2. Multi-dimensional Rewards (Contrastive Visual + Information Gain): Targeting both accuracy and utility

If rewards focused solely on geometric IoU, the model might engage in reward hacking—producing accurate boxes with generic captions, or beautiful captions for irrelevant boxes. PFlowNet splits the reward into independent constraints:

\[R(z_{0:k}\top) = \left(\prod_{i=1}^k \frac{p_\phi^+(z_i)}{p_\phi^-(z_i)}\right) p_\phi(Y \mid z_{0:k}\top, X).\]

In the contrastive term, \(p_\phi^+(z_i)=p_\phi(c_i\mid I_{r_i})\) is the visual likelihood of the caption within the crop, and \(p_\phi^-(z_i)=p_\phi(c_i\mid I\setminus I_{r_i})\) is the likelihood in the complement region. A key insight: under trajectory expectation, this contrastive term is equivalent to reverse-KL distillation, encouraging captions to represent privileged information from the crop while ignoring background noise. The information gain term \(p_\phi(Y|z_{0:k}\top, X)\) ensures the chosen trajectory actually contributes to the final answer.

3. Vicinal Geometric Shaping: Downgrading expert boxes from "targets" to "guardrails"

Since precise expert boxes are often not the best evidence (due to tunnel vision), the model should not be forced to imitate experts 100%, but exploration cannot be entirely unchecked.
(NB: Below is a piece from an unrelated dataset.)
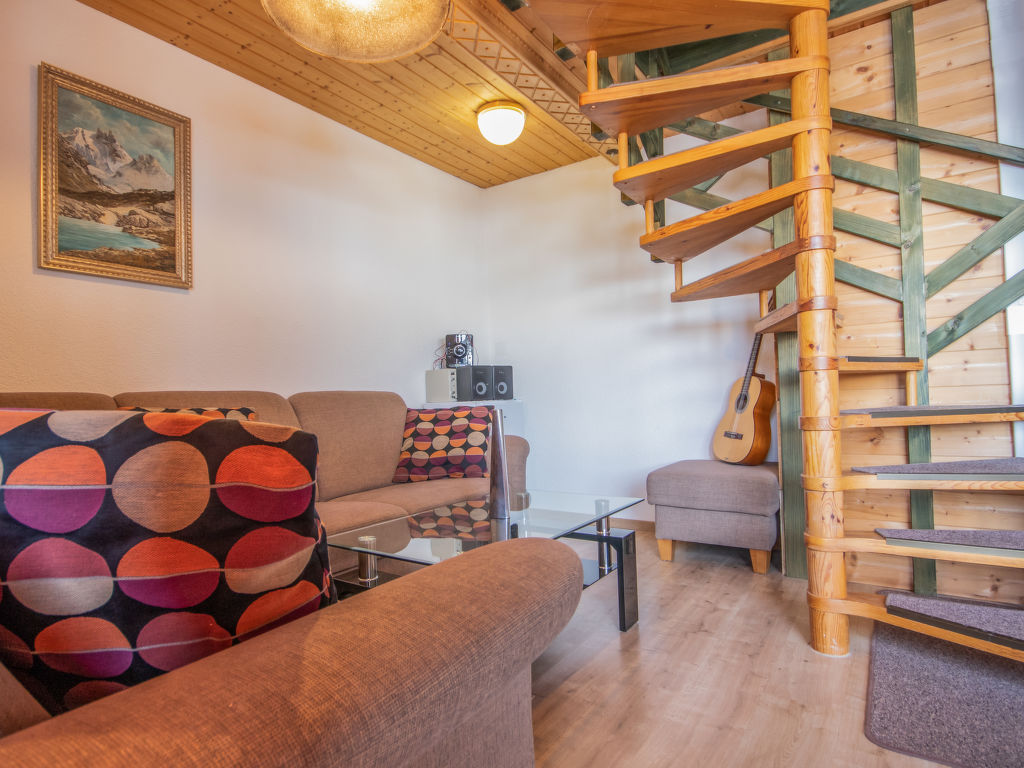 " Edwin", 3-Zimmer-Maisonette-Wohnung 55 m2 im 2. Stock. Objekt geeignet für 5 Erwachsene. Teilweise abgeschrägt, mit viel Holz eingerichtet: Eingang. Wohn-/Esszimmer mit Esstisch und Sat-TV (Flachbildschirm). Ausgang zum Balkon. Kleine Küche (Backofen, 4 Glaskeramikherd Platten, elektrische Kaffeemaschine). Dusche/WC. Obergeschoss: (Wendeltreppe) offenes Wohn-/Schlafzimmer mit 3 Betten. 1 Doppelzimmer. Kleiner Balkon 4 m2. Balkonmöbel. Sicht auf die Berge und das Tal. Zur Verfügung: Safe, Babybett bis 2 Jahre. Internet (Wireless LAN, gratis). Parkplatz (2 Autos). Bitte beachten: geeignet für Familien. Nichtraucher-Unterkunft. 2 Haustiere/Hunde erlaubt. Feuerlöscher, kein Fahrstuhl.

PFlowNet penalizes only trajectories outside the expert neighborhood. Using a symmetric Chamfer-IoU distance \(d_{IoU}(A,B)=1-0.5(IoU_{A\to B}+IoU_{B\to A})\), an \(\varepsilon\)-neighborhood \(\mathcal{B}_\varepsilon(E)=\{z_{0:k}\mid d_{IoU}(r_{1:k},E)\le\varepsilon\}\) is defined around the expert RoI set \(E\). The shaping weight \(\omega_\lambda(z_{0:k},E)=\exp(-\lambda\,\mathbb{I}(z_{0:k}\notin\mathcal{B}_\varepsilon(E)))\) applies a penalty \(\lambda\) only to trajectories outside this neighborhood. The shaped reward \(R_\lambda=R\cdot\omega_\lambda\) is then used in the Sub-TB objective. Theorem 3.4 proves there exists a \(\lambda^\star\) making the TV distance bound strictly smaller than both MLE and expert-guided RLVR.

Loss & Training¶

Data Pipeline: Gemini-3-flash / GPT-4o act as teachers. Synthetic flows \(Z_s\) are generated by randomly expanding expert RoIs. A verifier samples answers with and without \(Z_s\), splitting data by pass@k: simple samples (\(k=1\)) are discarded; samples where \(2\le k_{w/Z_s}\le 16\) go to the RFT set; and hard samples where \(k_{w/o Z_s} > 16\) but \(k_{w/Z_s} = 1\) go to the cold-start set.
Cold-start: Standard SFT minimizing the cross-entropy between \(p_\theta(Z|X)\) and \(Z_s\).
vRFT: Combining the three designs, utilizing parallelized Sub-TB computation for sampled trajectories.

Key Experimental Results¶

Main Results¶

Base model: Qwen3-VL 8B. Evaluated on V* Bench (complex visual search), TreeBench (perception + reasoning), and MME-RealWorld-Lite.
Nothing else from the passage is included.